Ignoring the pictures, copy the data exactly.

Data below:
BEGIN

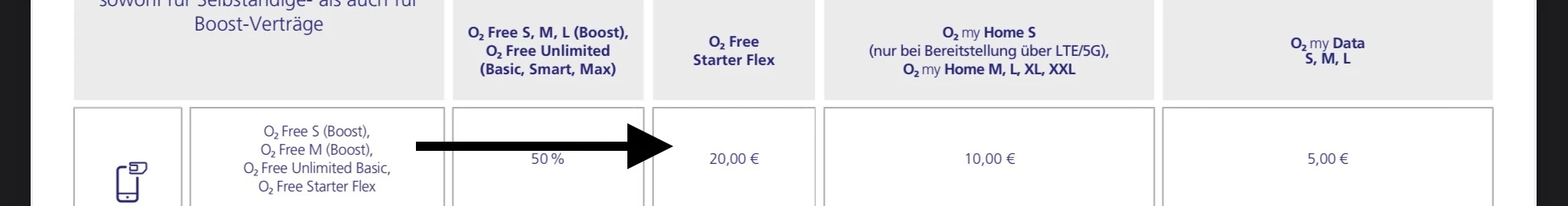 In der Liste in der die gültigen Hauptverträge für diese Aktion aufgeführt sind, ist der o2 Free M jedoch nicht aufgeführt. ? Nur die Boost Tarife.
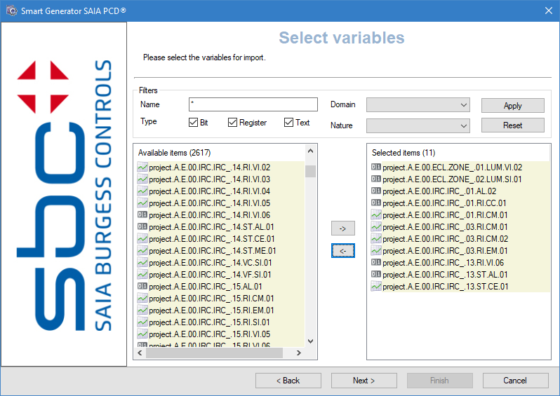 The Smart Generator SAIA PCD allows you to import a Saia-Burgess symbol file to generate the following PcVue configuration elements:
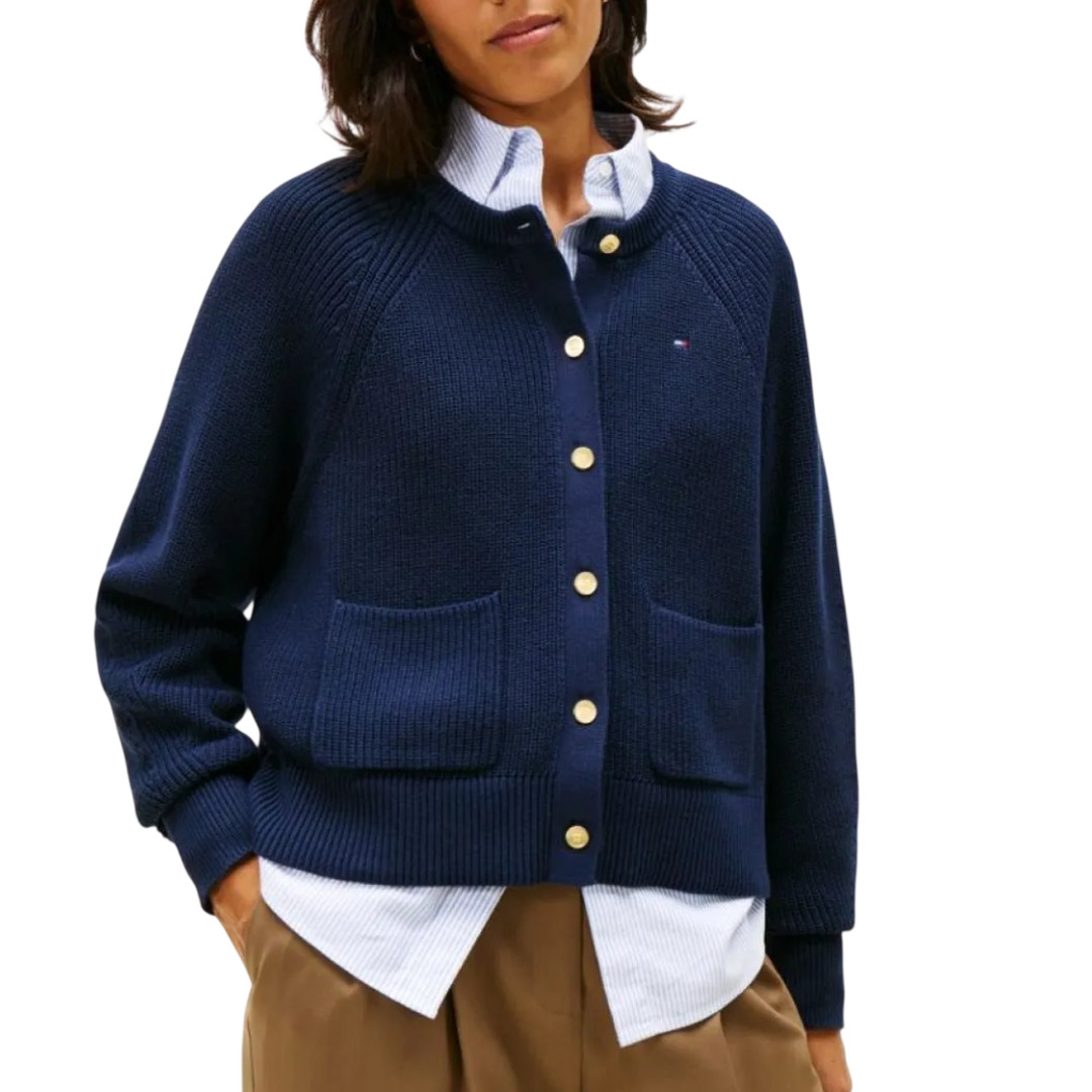 Il cardigan in maglia grossa, realizzato in puro cotone pettinato, è un capo intramontabile impreziosito dai luccicanti bottoni dorati con logo. Caratteristiche principali • Puro cotone pettinato • Punto costa inglese • Bottoni dorati • Girocollo • Chiusura con bottoni • Collo, abbottonatura, polsini e fondo a coste • Due tasche applicate sul davanti • Branding Tommy Hilfiger • Bandierina Tommy Hilfiger incisa sui bottoni • Bandierina Tommy Hilfiger ricamata sul petto Modello e vestibilità • Relaxed fit • Maniche raglan

END

Output for this exercise:
 In der Liste in der die gültigen Hauptverträge für diese Aktion aufgeführt sind, ist der o2 Free M jedoch nicht aufgeführt. ? Nur die Boost Tarife.
 The Smart Generator SAIA PCD allows you to import a Saia-Burgess symbol file to generate the following PcVue configuration elements:
 Il cardigan in maglia grossa, realizzato in puro cotone pettinato, è un capo intramontabile impreziosito dai luccicanti bottoni dorati con logo. Caratteristiche principali • Puro cotone pettinato • Punto costa inglese • Bottoni dorati • Girocollo • Chiusura con bottoni • Collo, abbottonatura, polsini e fondo a coste • Due tasche applicate sul davanti • Branding Tommy Hilfiger • Bandierina Tommy Hilfiger incisa sui bottoni • Bandierina Tommy Hilfiger ricamata sul petto Modello e vestibilità • Relaxed fit • Maniche raglan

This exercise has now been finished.